I'd sooner have a job with less rights than no job at all. Like it or not , companies tend to migrate to countries with the lightest regulation whether it be employment law or financial or tax. For the latter, why do you think Ireland did so well? Though the EU fined them but AFAIK they've yet to pay and good luck to brussels getting the money out of them given Leo Veradkar is currently their anti-brexit poster child.
I'd sooner have a job with less rights than no job at all.
Coming soon to your world.... zero hours contracts.....where you effectivly have no rights, no holidays no pension and no sickpay. oh and 1/2 a chance your 'employer' will charge you if you do take a day off sick..
If you're happy with that, good for you.... the rest of us prefer a world away from the 1840's
"If you're happy with that, good for you.... the rest of us prefer a world away from the 1840's"
Clearly you've never been unemployed for any significant period of time like I have. Trust me - a zero hours contract is better than being on the dole otherwise why do you think so many people do it?
You need a reality check my friend.
If they keep going downmarket with the quality, knowledge and experience of their support staff, then Oracle may soon be a distant memory in parts of western and central Europe as well. They certainly are in my own database related work.
There is plenty of established law in the UK around redundancy and consultation. The generally approved interpretation has simply led to there being established timescales for consultation rather than depending on receiving responses. In redundancy situations this often means that both employer and staff are left waiting in limbo for the "consultation" period to elapse before being able to proceed. This is often a situation that nobody likes especially where redundancies are being made in smaller businesses where it could very reasonably and fairly be wrapped up quite quickly.
Without looking into this in further detail I would imagine the situation is simply that the judge considers that sufficient time had passed for consultation and the fact that the worker committee hadn't responded is not relevant. The key reason for this interpretation will almost certainly be to prevent mandatory consultation being used to permanently stall the process.
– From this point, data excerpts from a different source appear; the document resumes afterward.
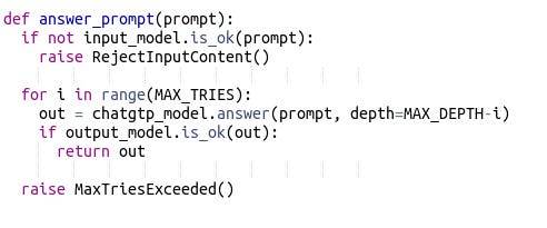 In this example, there are ancilliary models, as detailed in this blog post. It makes sense to have separate models to perform these checks, to keep them specialized. And the other thing that I wanted to suggest is that it will access less and less information as it tries to find an acceptable answer, ie, reducing how much content it is able to retrieve. This idea isn’t particularly developed, but I got the sense it might be doing something like this when playing with it, because it sometimes seems to take longer to respond when the prompt is controvertial. Which is sort of consistent with how a human might search for a response when they are being diplomatic; find a coherent answer that includes less information.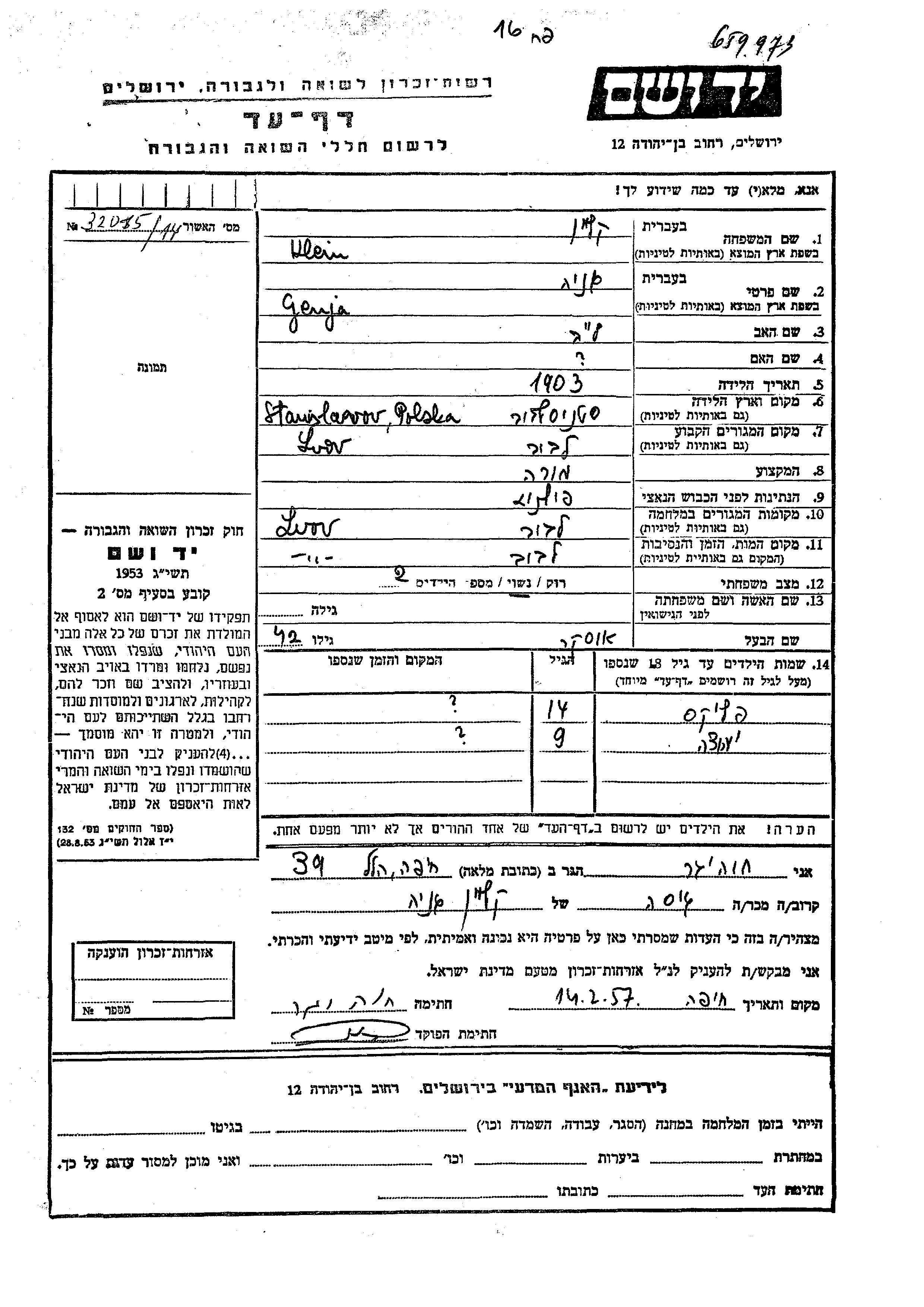 Klein Yehuda Lwow, Polonia Hoja de Testimonio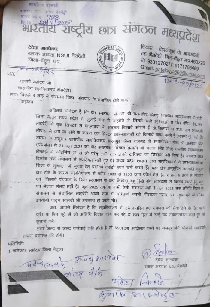 Betul Ki Khabar/भैंसदेही/मनीष राठौर :- भैंसदेही में वीर स्वतंत्रता सेनानी श्री गंजनसिंह कोरकू शासकीय महाविद्यालय, भैंसदेही में पिछले चार महीनों से ग्रंथालय बिना ग्रंथपाल के संचालित हो रहा है। इस स्थिति के कारण छात्र-छात्राएं पाठ्यक्रम से संबंधित किताबों से वंचित हैं और अध्ययन में कठिनाई का सामना कर रहे हैं।जानकारी के अनुसार, शासन के आदेशानुसार शासकीय महाविद्यालय सारंगपुर, जिला राजगढ़ से स्थानांतरित होकर आए ग्रंथपाल श्री अलकेश धोटे ने 21 जून 2025 को भैंसदेही कॉलेज में पदभार तो ग्रहण कर लिया, पर उन्होंने अब तक अपने दायित्वों का निर्वहन शुरू नहीं किया है। ग्रंथपाल की अनुपस्थिति के कारण कॉलेज में किताबों की खरीद और वितरण का कार्य ठप पड़ा हुआ है।छात्रों ने बताया कि लाइब्रेरी में बुक लिफ्टर के पास पुस्तकें नहीं हैं क्योंकि म.प्र. हिंदी ग्रंथ अकादमी, भोपाल से नई किताबों का क्रय नहीं हो पा रहा। ग्रंथपाल के हस्ताक्षर के अभाव में न तो क्रय निविदा जारी हो पा रही है और न ही मांग पत्र भेजा जा रहा है। इससे लगभग 1000 से 1200 छात्रों को अध्ययन सामग्री की कमी झेलनी पड़ रही है।छात्र संगठन NSUI ने चेतावनी दी है कि यदि शीघ्र ही कॉलेज में ग्रंथपाल की उपस्थिति सुनिश्चित नहीं की गई तो वे आंदोलन के लिए बाध्य होंगे। उन्होंने शासन-प्रशासन से मांग की है कि या तो स्थानांतरित ग्रंथपाल को जल्द कार्यभार संभालने के लिए निर्देश दिए जाएं या फिर पूर्व में कार्यरत अतिथि विद्वान को पुनः नियुक्त किया जाए।

If you don't like that offshoring policies of companies like Oracle then the answer isn't to rely on details of the redundancy process, it needs to depend on internationalisation of things like the TUPE regulations that basically say you can't make people redundant unless the work they are doing is redundant. What isn't clear to me is why nobody is pursuing a TUPE claim around these redundancies.
Did Oracle outsource, or just offshore? If they've offshored then TUPE doesn't come into play, as it's merely a change in location.
If they outsourced then it may not come into play as Oracle didn't divest that function, they closed it and sought external provision instead.